The latest report on the state of Australia’s environment has been met with promises of a major overhaul of environment law and the national system of environmental monitoring.

The report, released on 19 July, outlined increasing levels of endangered animals, such as the greater glider (pictured), and environmental degradation in Australia.

Tanya Plibersek, Australia’s new minister for the environment, said the report was “one of the most important documents in environmental science”, written by “some of Australia’s most respected scientists”.

Speaking at the National Press Club on 19 July, she said the government would undertake “a fundamental reforming of our national environment laws” and create “a new Environmental Protection Agency to enforce them”.

Plibersek pledged to improve the resourcing around environmental issues. “When we make environmental decisions, we don’t ensure they’re being enforced in practice…We often don’t have the data or resources to do it properly,” she said. “Decisions need to be built on good data, to show the public how we’re tracking in real time; data that can be shared so we don’t keep collecting the same information again and again, but instead we build over time a useful, usable, rich picture of our environment.”
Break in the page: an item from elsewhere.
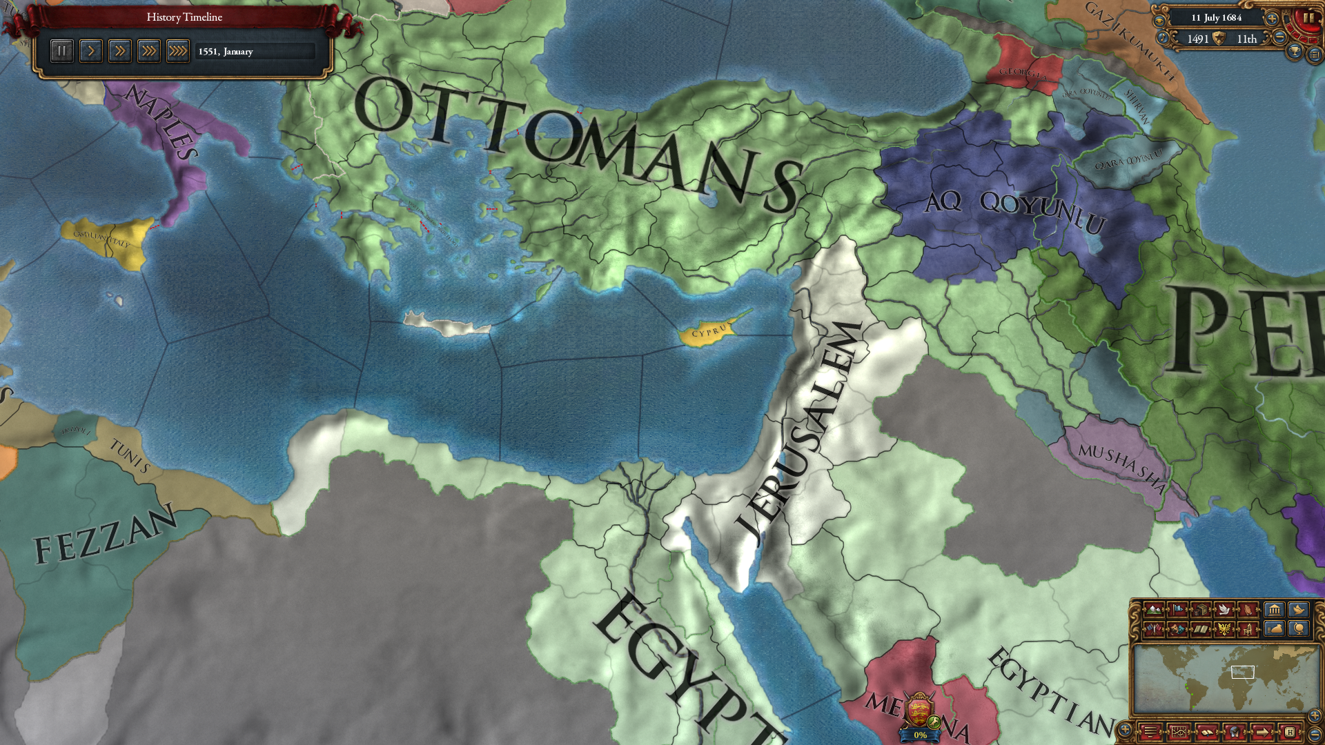 다만 맘루크를 패다보니, 이윽고 따라온 오스만이 맘루크를 멸망시켜버려 오스만 속국령 이집트가 형성되어버렸다는 문제가 발생. 예루살렘 지역 확보가 좀 귀찮아졌습니다.

Biodiversity and conservation

As the report was released, Chennupati Jagadish, president of the Australian Academy of Science, called for “a new national information system led by an independent agency to manage our nation’s biodiversity data”.

“Only through the establishment of such an agency will we actually understand and be able to choose steps to slow down or reverse biodiversity loss in Australia’s environment,” he said.

Plibersek said Australia would sign up to the “30 by 30” global pledge, under which countries around the world are reserving 30 per cent of their oceans and of their land for conservation by 2030.

Among Plibersek’s other priorities is working on the Murray-Darling plan, which is well behind in its targets of returning water to the extensive river system.

Making better decisions

Scientific responses to the report called for immediate action. Larry Marshall, chief executive of the Commonwealth Scientific and Industrial Research Organisation, said CSIRO had made key contributions to the report and that “this rigorous analysis will be critical to making better decisions on how we manage our environment in the future, including balancing its competing uses with protection and restoration”.

CSIRO scientist Rowan Trebilco, who is co-lead author of the report’s marine chapter, said that new national systems were needed for integrated, inclusive and participatory ocean management. This could be enabled by “national, integrated, adaptive, long-term marine environmental monitoring with strong Indigenous engagement”.

Jim Radford, a research fellow at La Trobe University, said there was “no more time to waste” in bringing in better programmes for threatened species, “which we know can work when resourced and based on evidence-based science”.

Curtin University’s Grant Wardell-Johnson said the next report should also include the impact of logging of state-owned forests on threatened species.